§ **EXERCISE MATERIALS**:

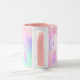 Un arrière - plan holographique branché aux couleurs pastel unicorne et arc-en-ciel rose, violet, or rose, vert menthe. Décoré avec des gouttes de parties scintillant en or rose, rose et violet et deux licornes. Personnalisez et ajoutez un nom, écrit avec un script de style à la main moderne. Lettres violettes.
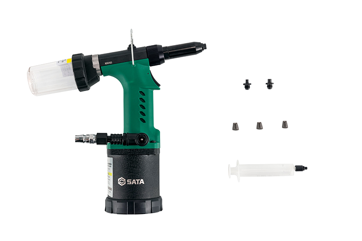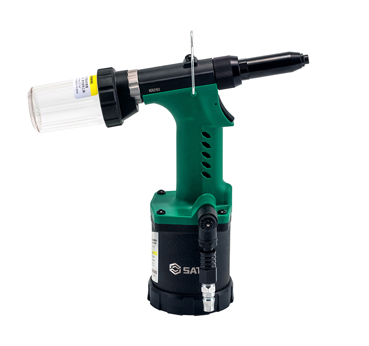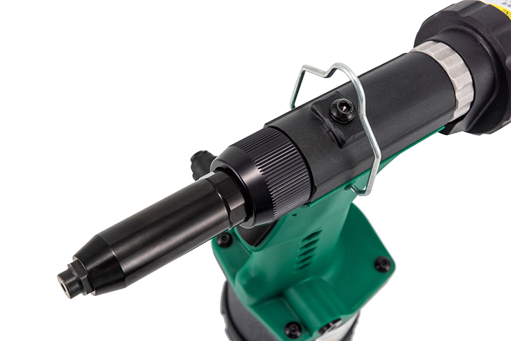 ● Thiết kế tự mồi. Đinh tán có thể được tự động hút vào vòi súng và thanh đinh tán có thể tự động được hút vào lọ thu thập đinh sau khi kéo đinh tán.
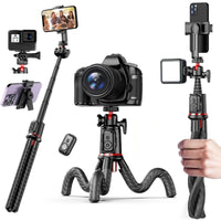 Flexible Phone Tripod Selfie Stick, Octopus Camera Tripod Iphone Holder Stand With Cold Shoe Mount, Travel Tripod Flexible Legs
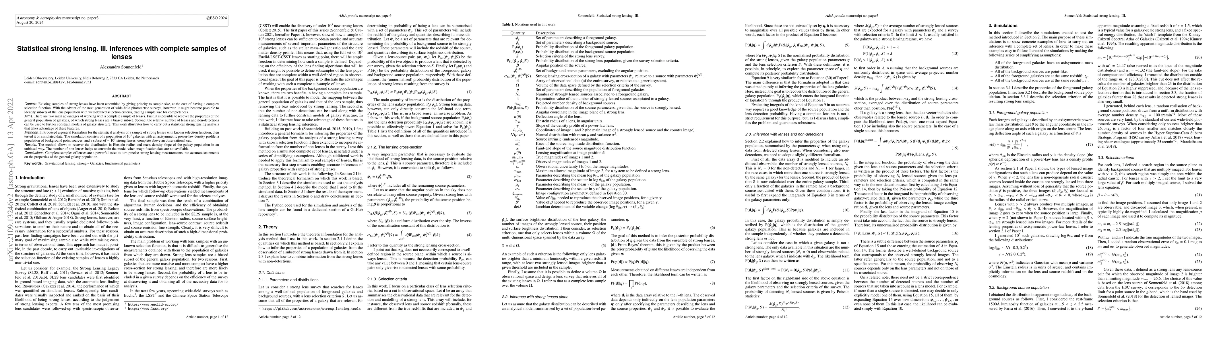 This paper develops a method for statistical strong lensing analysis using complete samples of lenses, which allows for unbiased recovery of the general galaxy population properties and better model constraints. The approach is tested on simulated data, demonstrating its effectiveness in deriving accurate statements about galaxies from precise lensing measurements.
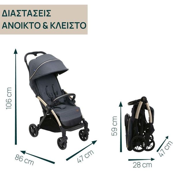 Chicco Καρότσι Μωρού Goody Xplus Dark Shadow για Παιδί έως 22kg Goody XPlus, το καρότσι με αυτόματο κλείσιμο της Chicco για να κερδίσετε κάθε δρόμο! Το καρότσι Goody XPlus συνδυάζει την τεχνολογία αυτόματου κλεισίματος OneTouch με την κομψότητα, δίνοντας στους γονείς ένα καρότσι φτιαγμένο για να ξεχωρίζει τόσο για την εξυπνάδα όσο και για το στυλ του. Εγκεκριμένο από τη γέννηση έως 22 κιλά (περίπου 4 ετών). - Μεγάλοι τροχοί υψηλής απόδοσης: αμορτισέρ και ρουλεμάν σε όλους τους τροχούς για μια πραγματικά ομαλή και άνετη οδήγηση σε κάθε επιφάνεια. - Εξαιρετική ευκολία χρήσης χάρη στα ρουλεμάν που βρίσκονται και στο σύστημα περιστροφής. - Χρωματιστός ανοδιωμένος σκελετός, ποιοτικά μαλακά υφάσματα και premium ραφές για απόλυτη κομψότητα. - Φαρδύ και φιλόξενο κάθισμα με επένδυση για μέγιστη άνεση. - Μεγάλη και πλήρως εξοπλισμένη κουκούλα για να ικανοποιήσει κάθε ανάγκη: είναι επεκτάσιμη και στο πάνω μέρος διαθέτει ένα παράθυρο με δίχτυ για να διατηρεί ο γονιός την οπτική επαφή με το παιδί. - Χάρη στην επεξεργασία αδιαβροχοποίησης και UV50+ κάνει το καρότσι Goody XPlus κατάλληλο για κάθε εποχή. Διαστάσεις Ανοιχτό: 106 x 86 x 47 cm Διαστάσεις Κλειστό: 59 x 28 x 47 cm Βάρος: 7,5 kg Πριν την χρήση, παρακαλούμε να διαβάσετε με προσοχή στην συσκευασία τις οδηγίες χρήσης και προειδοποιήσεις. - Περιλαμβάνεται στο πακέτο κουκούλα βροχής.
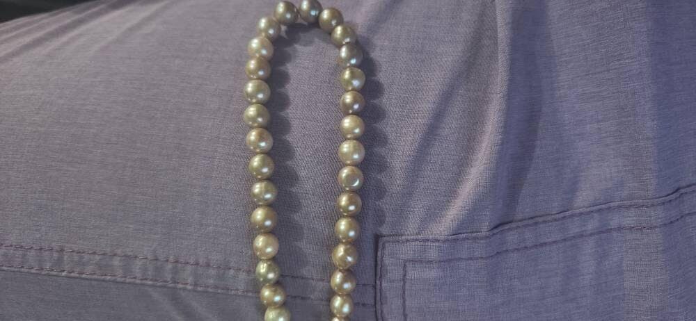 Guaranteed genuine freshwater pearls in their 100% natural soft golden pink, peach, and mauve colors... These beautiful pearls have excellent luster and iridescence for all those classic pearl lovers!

* * *

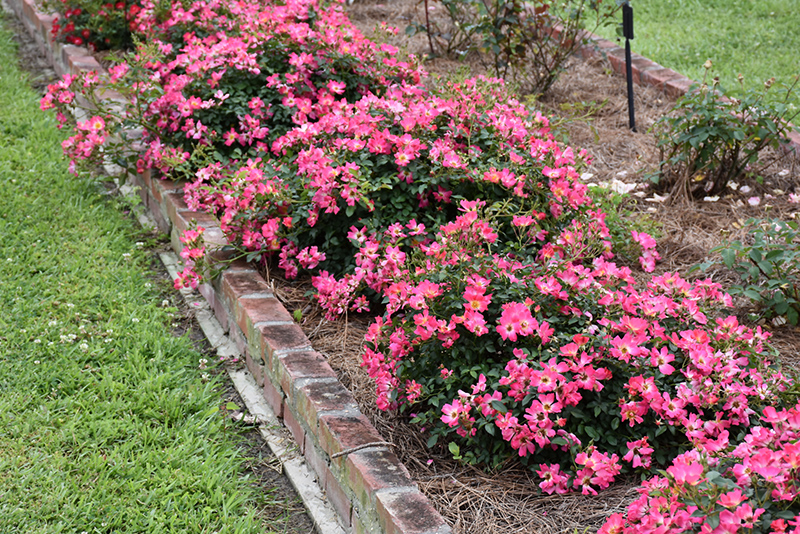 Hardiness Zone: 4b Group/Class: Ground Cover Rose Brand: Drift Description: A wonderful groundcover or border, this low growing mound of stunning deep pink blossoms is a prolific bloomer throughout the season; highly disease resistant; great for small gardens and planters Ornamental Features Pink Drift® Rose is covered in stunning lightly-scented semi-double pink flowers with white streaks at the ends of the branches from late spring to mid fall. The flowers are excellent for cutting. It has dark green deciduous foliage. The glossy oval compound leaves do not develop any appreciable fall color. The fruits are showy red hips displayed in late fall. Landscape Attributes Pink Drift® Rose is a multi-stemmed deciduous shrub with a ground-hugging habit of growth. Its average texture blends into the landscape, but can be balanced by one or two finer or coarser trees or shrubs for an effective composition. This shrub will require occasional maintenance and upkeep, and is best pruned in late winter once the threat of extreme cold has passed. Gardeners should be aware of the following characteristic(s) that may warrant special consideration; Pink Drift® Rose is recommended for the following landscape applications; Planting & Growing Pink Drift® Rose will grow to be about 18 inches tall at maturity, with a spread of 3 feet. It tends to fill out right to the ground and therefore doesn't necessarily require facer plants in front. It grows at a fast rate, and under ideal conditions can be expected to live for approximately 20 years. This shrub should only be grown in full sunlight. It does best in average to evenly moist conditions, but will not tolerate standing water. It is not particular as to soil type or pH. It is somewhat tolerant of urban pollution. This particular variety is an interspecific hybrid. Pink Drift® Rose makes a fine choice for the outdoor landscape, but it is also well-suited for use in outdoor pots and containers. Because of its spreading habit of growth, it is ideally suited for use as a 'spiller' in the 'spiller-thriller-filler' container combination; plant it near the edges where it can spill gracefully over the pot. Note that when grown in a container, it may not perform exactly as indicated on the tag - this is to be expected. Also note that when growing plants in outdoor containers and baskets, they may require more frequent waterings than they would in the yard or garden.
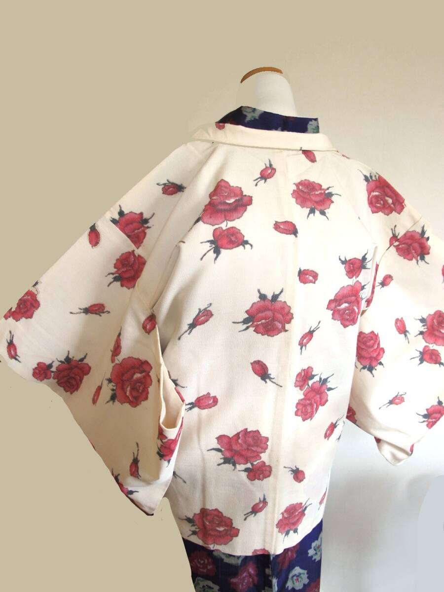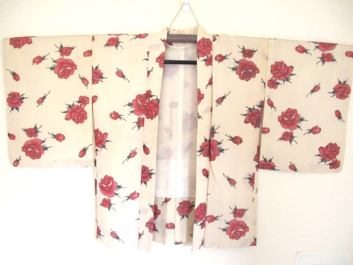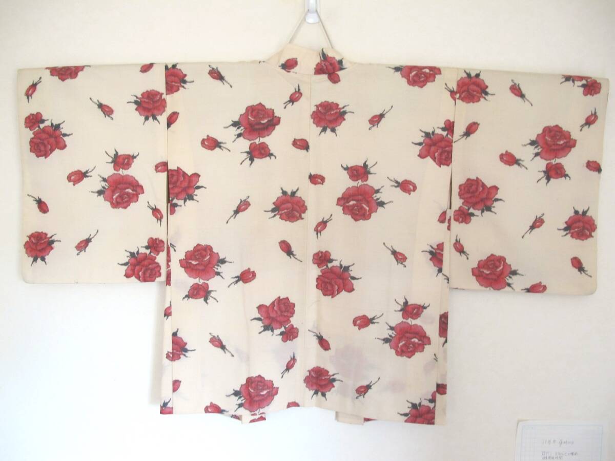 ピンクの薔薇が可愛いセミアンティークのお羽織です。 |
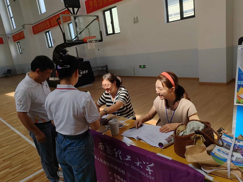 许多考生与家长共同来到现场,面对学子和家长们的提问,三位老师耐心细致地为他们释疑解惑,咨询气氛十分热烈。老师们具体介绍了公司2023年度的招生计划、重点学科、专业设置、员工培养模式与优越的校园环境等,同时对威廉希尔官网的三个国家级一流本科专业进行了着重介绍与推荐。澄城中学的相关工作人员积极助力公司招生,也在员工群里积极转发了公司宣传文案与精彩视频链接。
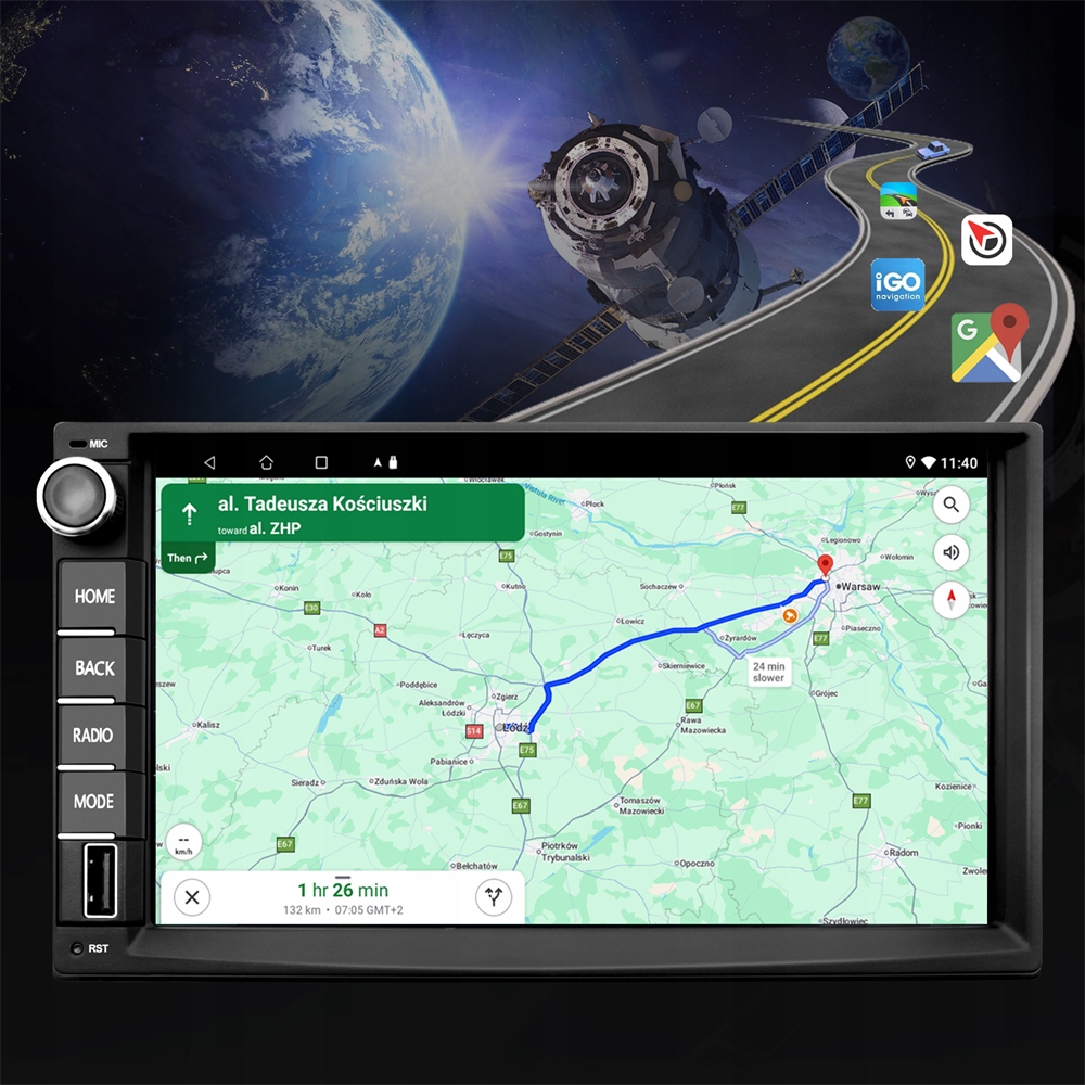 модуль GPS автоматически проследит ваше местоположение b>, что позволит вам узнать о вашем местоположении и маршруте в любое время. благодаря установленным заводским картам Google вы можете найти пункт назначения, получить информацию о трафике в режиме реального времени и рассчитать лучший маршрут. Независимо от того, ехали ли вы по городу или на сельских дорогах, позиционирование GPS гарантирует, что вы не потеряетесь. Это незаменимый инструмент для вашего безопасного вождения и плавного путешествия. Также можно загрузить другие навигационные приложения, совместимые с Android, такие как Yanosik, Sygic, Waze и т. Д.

--

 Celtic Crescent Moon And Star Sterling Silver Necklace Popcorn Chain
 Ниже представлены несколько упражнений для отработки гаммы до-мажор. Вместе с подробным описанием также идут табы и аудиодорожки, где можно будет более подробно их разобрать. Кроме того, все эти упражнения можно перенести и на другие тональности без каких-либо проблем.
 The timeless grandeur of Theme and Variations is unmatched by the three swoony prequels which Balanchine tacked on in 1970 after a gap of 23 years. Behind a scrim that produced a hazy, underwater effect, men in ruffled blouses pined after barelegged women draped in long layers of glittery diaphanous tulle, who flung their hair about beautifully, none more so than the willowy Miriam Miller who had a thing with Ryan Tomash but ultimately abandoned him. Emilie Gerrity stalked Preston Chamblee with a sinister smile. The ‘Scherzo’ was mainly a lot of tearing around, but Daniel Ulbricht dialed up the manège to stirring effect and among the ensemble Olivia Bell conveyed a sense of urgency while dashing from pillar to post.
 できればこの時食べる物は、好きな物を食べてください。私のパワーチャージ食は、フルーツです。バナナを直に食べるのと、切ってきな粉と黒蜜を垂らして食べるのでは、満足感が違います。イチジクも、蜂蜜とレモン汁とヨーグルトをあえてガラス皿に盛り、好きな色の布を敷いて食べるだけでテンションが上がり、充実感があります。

§ **WHAT THE TASK REQUIRES**: Every line above from the one with "Un arrière - plan" down to the one with "This paper develops" must be written out exactly, and no picture may appear.

§ **YOUR SOLUTION**:
 Un arrière - plan holographique branché aux couleurs pastel unicorne et arc-en-ciel rose, violet, or rose, vert menthe. Décoré avec des gouttes de parties scintillant en or rose, rose et violet et deux licornes. Personnalisez et ajoutez un nom, écrit avec un script de style à la main moderne. Lettres violettes.
 ● Thiết kế tự mồi. Đinh tán có thể được tự động hút vào vòi súng và thanh đinh tán có thể tự động được hút vào lọ thu thập đinh sau khi kéo đinh tán.
 Flexible Phone Tripod Selfie Stick, Octopus Camera Tripod Iphone Holder Stand With Cold Shoe Mount, Travel Tripod Flexible Legs
 This paper develops a method for statistical strong lensing analysis using complete samples of lenses, which allows for unbiased recovery of the general galaxy population properties and better model constraints. The approach is tested on simulated data, demonstrating its effectiveness in deriving accurate statements about galaxies from precise lensing measurements.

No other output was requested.